I just finished watching this week’s 2014 Christmas edition of Saturday Night Live. It’s odd to feel cheated that hardly any celebrities showed up this year. The only cameos were three former SNL Characters – so far anyway.

The demographically perfect boy band One Direction is actually growing on me. They were not bad, as I expected, given that I’m over 40. It’s supposed to annoy me. I’m nearly grandpa age.

The sketch that made me stop the playback and blog, as the one set in the past, with three “dames” in a bar who seem quite bat-shit crazy. The conclusion actually had a way to explain it for a quality ending, at least to me. It made me smile. I won’t are it’s rare that I enjoy an SNL sketch through to the end, but it’s not unheard of. 

However, the part that most impressed me, was how hard the sketch must have been. This entire show has really had a lot of hard song and dance numbers. It always amazes me how well these talented people are able to pull a song and dance routine in 4 days, and still pull it off with precision.  In my head, from my history with community theatre, the first few weeks are still horrible… but I suppose 3 days is easier than 1 day every week for three weeks – in some ways.

 

The part that impressed me, was a swinging song sung by two of the women, and Ammie Adams. Although not dancing, the lyrics were jibber jabber read from cue cards and yet they sang all three together without error.  I want to believe it was a live take, because it’s Saturday Night Live, but back stage shows have implied some times they play the dress rehearsal versions.

In any case – they did it – twice. Well. It made me smile on two levels. Giving respect to the dedication and practice, or the amazing talent of people doing things I tell myself I could never do.

That kind of live comedy show with minimal rehearsal is an amazing skill. Saturday Night Live is a success because it’s done live. I hope that never changes.  All other sketch shows are comedy. Saturday Night Live is theatre.

It was always my dream. I never wanted Second City. I wanted to be on, or write for Saturday Night Live.

Since I can remember, I’ve liked scripts. I think it stemmed from my two first editions of the Holy Grail first draft and movie script, and the Hitchhiker’s Guide to the Galaxy, which I first read as the original radio show scripts.

With undiagnosed attention deficit disorder, I grew a fondness to sketch comedy rather than long form scripts. I wrote sketches. As a kid, I watched every single sketch comedy and variety shows on TV, and in the 70s, there were a lot.  Everyone had a variety show, and I watched them all, from Any Wiliams to Jim Stafford to Shields and Yarnell to Avery and Shriver and even the singers and Bobby Vinton too…

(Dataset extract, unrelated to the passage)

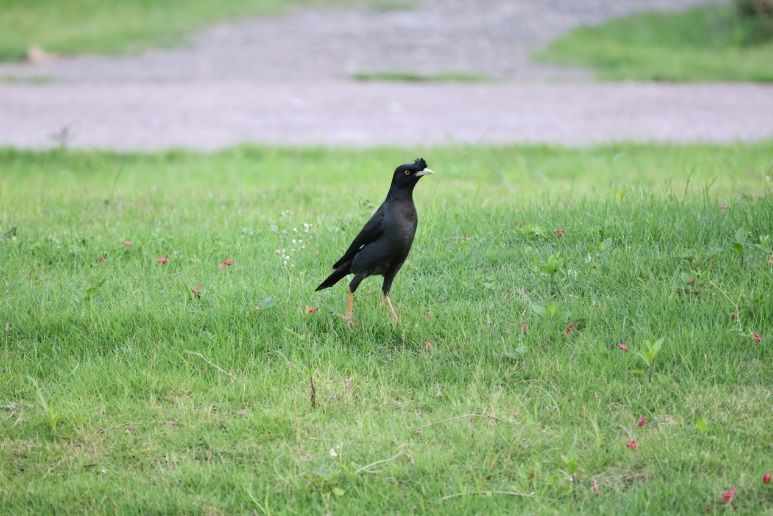 八哥,翅膀上有两块白斑,飞翔时,从下往上看像汉字“八”,因而得名。八哥和乌鸫很像,全身漆黑,明显的差异是八哥有一簇冠毛高耸起来。

Saturday Night Live wasn’t just sketch comedy. It was theatre like my Mom did, up on a stage with fake sets and an audience. Plus, it was restricted to late night, so you had to be older that me to stay up late and see it.  I missed season 1 live, but starting with season 2, I don’t know that I ever missed an episode. Our early VCR was Beta, so I sometimes missed the the last 30 minutes, because they only recorded one our.  I fast forwarded past 70% of the musical acts I think. I love music, but live music on TV doesn’t’t hold my A.D.D interest past the first few bars when I see the set furnishing.

Number one on my buckers list has been Saturday Night Live for 30 years. I literally have dreams of being there, and have every year since I was 15. Usually something horrible happens… I had nightmares about giant lobsters that night.

I may have given up more than half the things I used to watch on TV. I’m watching less, and my PVR was filling, but I always like to watch Saturday Night Live each week I can, usually on Sunday.  Live-ish. I have never given up on them, and their Doctor Who-like cast changes. I’ve never complained about one cast over another.  I love the concept.

It’s similar to South Park, in turnaround. Each is about this week’s funny… and yet, they stand up in time.. at least a few a season make the highlight DVD for future generations.

Thank you Saturday Night Live,m for being a part of my life story, and tonight’s Blog.